Kellen Olszewski, Anthony Barsotti, Xiao Jiang Feng, Milica Momcilovic, Kevin G. Liu, Ji In Kim, Koi Morris, Christophe Lamarque, Jack Gaffney, Xuemei Yu, Jeegar P. Patel, Joshua D. Rabinowitz, David B. Shackelford, Masha V. Poyurovsky

Research output: Contribution to journalArticlepeer-review

25 Scopus citations

Abstract

Efforts to target glucose metabolism in cancer have been limited by the poor potency and specificity of existing anti-glycolytic agents and a poor understanding of the glucose dependence of cancer subtypes in vivo. Here, we present an extensively characterized series of potent, orally bioavailable inhibitors of the class I glucose transporters (GLUTs).
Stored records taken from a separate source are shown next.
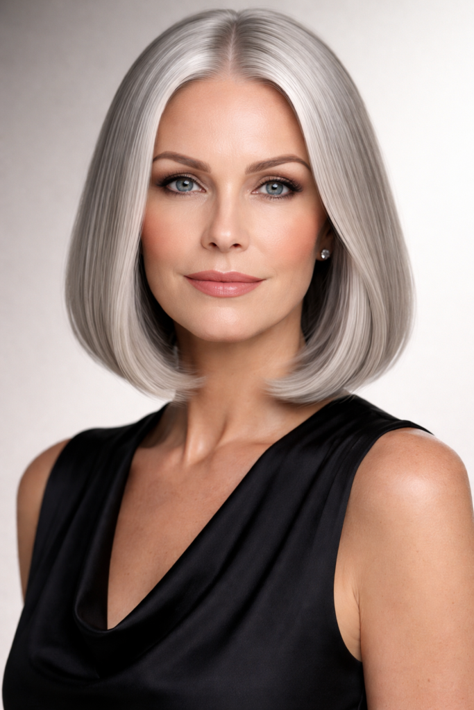 Flat ironing and shine serums enhance the glossy finish, giving a salon-like appearance. It pairs perfectly with silver, platinum, or dark tones, adding sophistication. This style is highly Pinterest-worthy due to its simplicity, elegance, and timeless appeal that never goes out of fashion.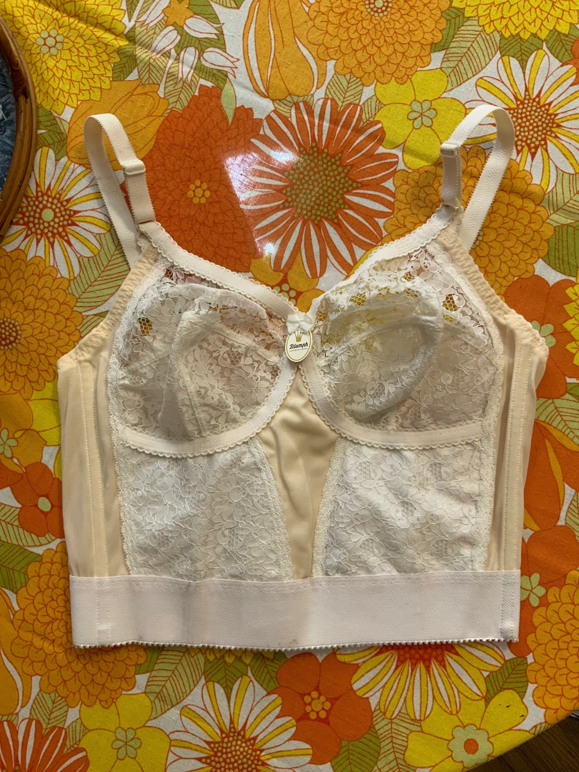 Dentelle Blanche motifs Fleurs Vintage Neuf 1970 – 0 défaut Taille indique Large 2 rangs agrafes dos réglables.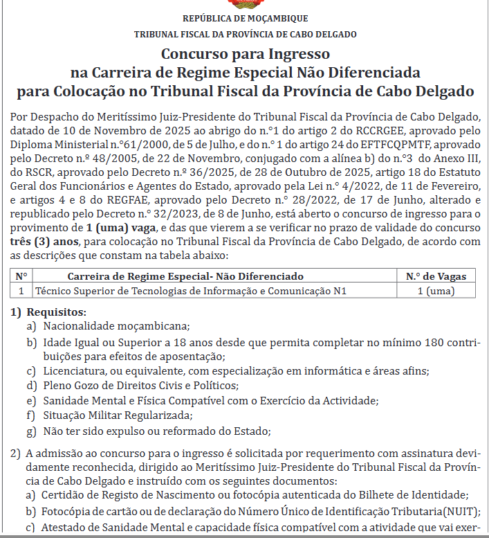 Por Despacho do Meritíssimo Juiz-Presidente do Tribunal Fiscal da Província de Cabo Delgado,datado de 10 de Novembro de 2025 ao abrigo do n.°1 do artigo 2 do RCCRGEE, aprovado pelo Diploma Ministerial n.°61/2000, de 5 de Julho, e do n.° 1 do artigo 24 do EFTFCQPMTF, aprovado pelo Decreto n.º 48/2005, de 22 de Novembro, conjugado com a alínea b) do n.°3 do Anexo III, do RSCR, aprovado pelo Decreto n.º 36/2025, de 28 de Outubro de 2025, artigo 18 do Estatuto Geral dos Funcionários e Agentes do Estado, aprovado pela Lei n.° 4/2022, de 11 de Fevereiro, e artigos 4 e 8 do REGFAE, aprovado pelo Decreto n.° 28/2022, de 17 de Junho, alterado e republicado pelo Decreto n.° 32/2023, de 8 de Junho, está aberto o concurso de ingresso para o provimento de 1 (uma) vaga, e das que vierem a se verificar no prazo de validade do concurso três (3) anos, para colocação no Tribunal Fiscal da Província de Cabo Delgado, de acordo com as descrições que constam na tabela abaixo: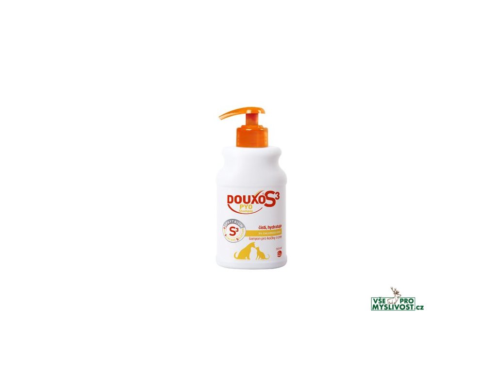 Pouze pro vnější použití. Namočte zvíře teplou vodou a aplikujte Douxo S3 Pyo šampon na srst celého povrchu těla až do vytvoření husté pěny. Důkladně promasírujte srst zvířete. Šampon nechte působit 5-10 minut, potom pečlivě opláchněte vodou. Podle potřeby je možné šamponování zopakovat. Zabraňte kontaktu s očima.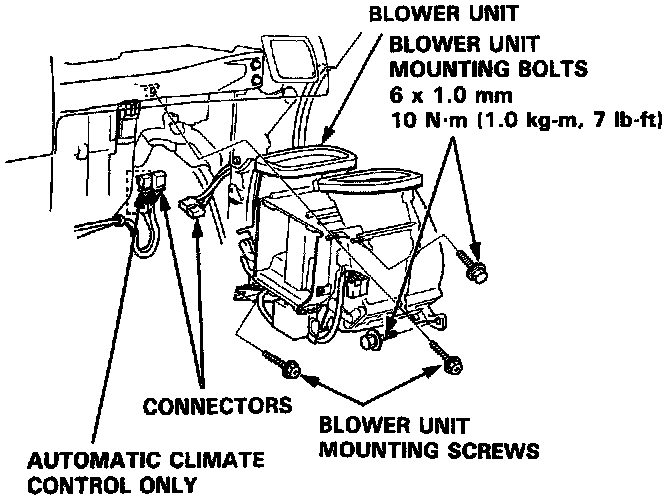 6. Remove the blower unit mounting bolts and screws, then remove the blower unit.
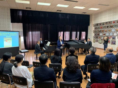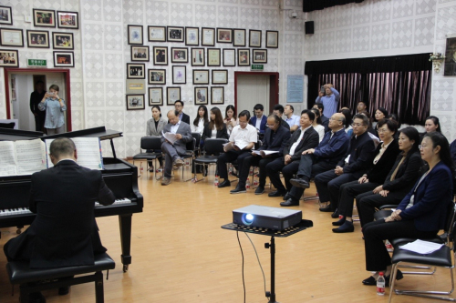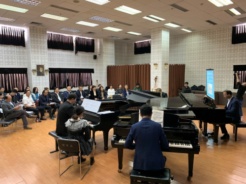 为庆祝新中国成立70周年,结合“不忘初心、牢记使命”主题教育工作,我系党总支10月10日在琴房大楼六楼排练厅开展了主题为“我爱我的祖国”——八手连弹《钢琴协奏曲<黄河>》教研活动。为今年会结合“不忘初心、牢记使命”主题教育开展的“艺术大展演”活动做准备。全系部分党员师生代表和非党教师代表参加了此次的教研活动。 活动中,党总支书记王雁首先围绕活动精神宗旨及中心思想,介绍了对《黄河》协奏曲的研究心得,以及作品的爱国主义情怀,谈了自己的心得体会。教研室主任何沙等四位老师激情弹奏了《黄河》协奏曲片段,参加活动的老师们都深受鼓舞,掌声不断,纷纷表示此次教研活动的选题好,很有意义,很期待看到在“艺术大展演”上的演出。王书记强调,要领悟《钢琴协奏曲<黄河>》所表现的“中华儿女在党的带领下,不屈不挠、团结奋斗并最终夺取胜利”的精神,深刻感悟中华民族历史及中国艺术作品所具有的文化精神内涵,建立起更加坚定的“文化自信”,倡导大家努力发掘和宣传中国钢琴艺术精品,用钢琴奏出具有爱国主义精神的“中国声音”。以“钢琴唱响民族魂”为思路,在专业研究与教学工作中,弘扬、宣传爱国主义和文化自信,积极践行、落实习总书记关于思政教育和爱国主义教育的指示精神。 在教研活动中,恰遇四川省委常委、组织部长王正谱,省委组织部副部长、党建办主任沈晓玲,省委教育工委书记,省教育厅党组书记、厅长李江等一行到学校调研考察。在学院周书记、刘院长,侯书记等的陪同下,专门来到了我系参观调研,王部长对我系将主题教育工作和教研工作的紧密结合高度赞扬,给予了极大的肯定。学院领导也充分肯定了我系党总支的工作。
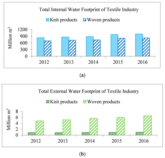 Total water footprint of textile industry (a) internal water footprint and (b) external water footprint.
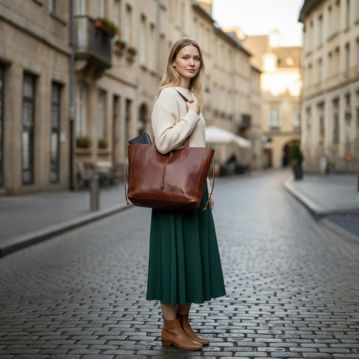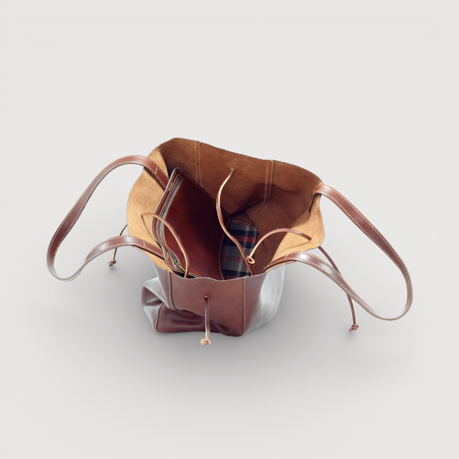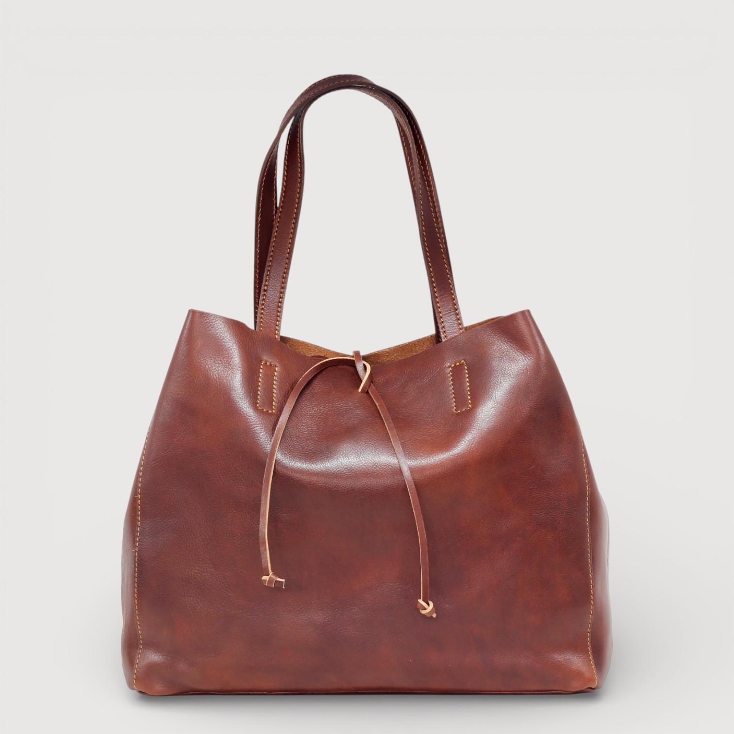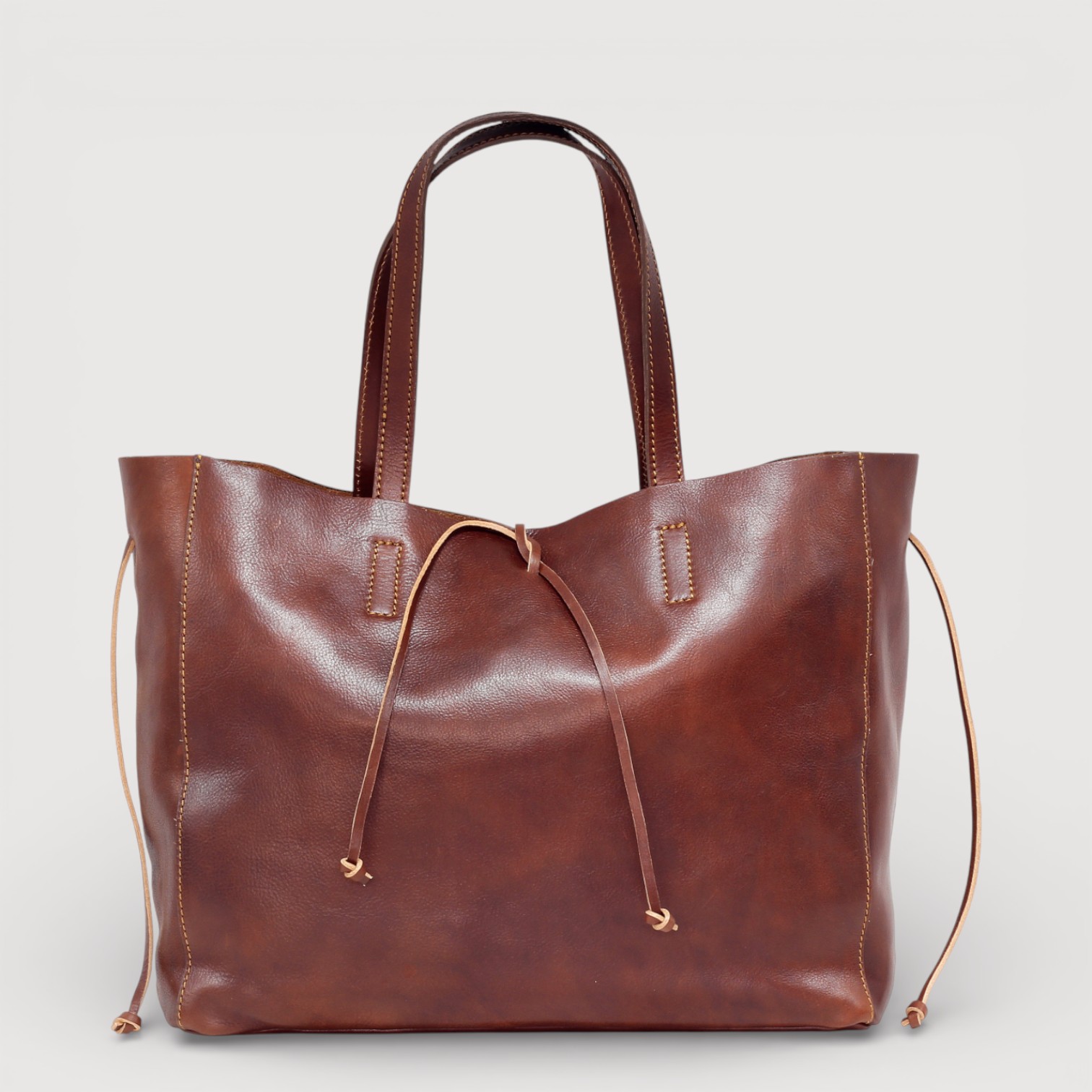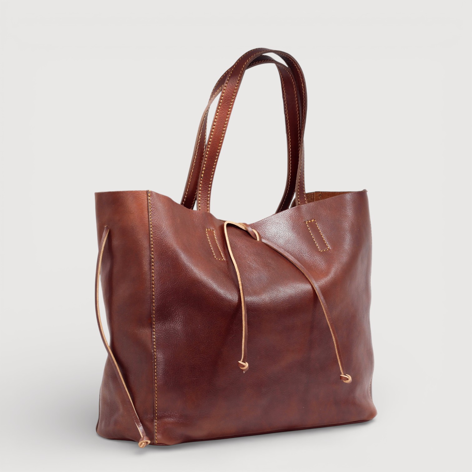 Shopper din piele naturala, cu un compartiment, un buzunar interior, inchidere cu doua/patru cureluse din piele, necaptusita. Made in Italy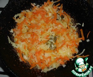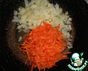 Так.. Бульон почти готов, можно приступить к зажарке. Выкладываем лук и морковь в разогретую сковороду с растительным маслом.

The representative compound KL-11743 specifically blocks glucose metabolism, triggering an acute collapse in NADH pools and a striking accumulation of aspartate, indicating a dramatic shift toward oxidative phosphorylation in the mitochondria. Disrupting mitochondrial metabolism via chemical inhibition of electron transport, deletion of the malate-aspartate shuttle component GOT1, or endogenous mutations in tricarboxylic acid cycle enzymes, causes synthetic lethality with KL-11743. Patient-derived xenograft models of succinate dehydrogenase A (SDHA)-deficient cancers are specifically sensitive to KL-11743, providing direct evidence that TCA cycle-mutant tumors are vulnerable to GLUT inhibitors in vivo.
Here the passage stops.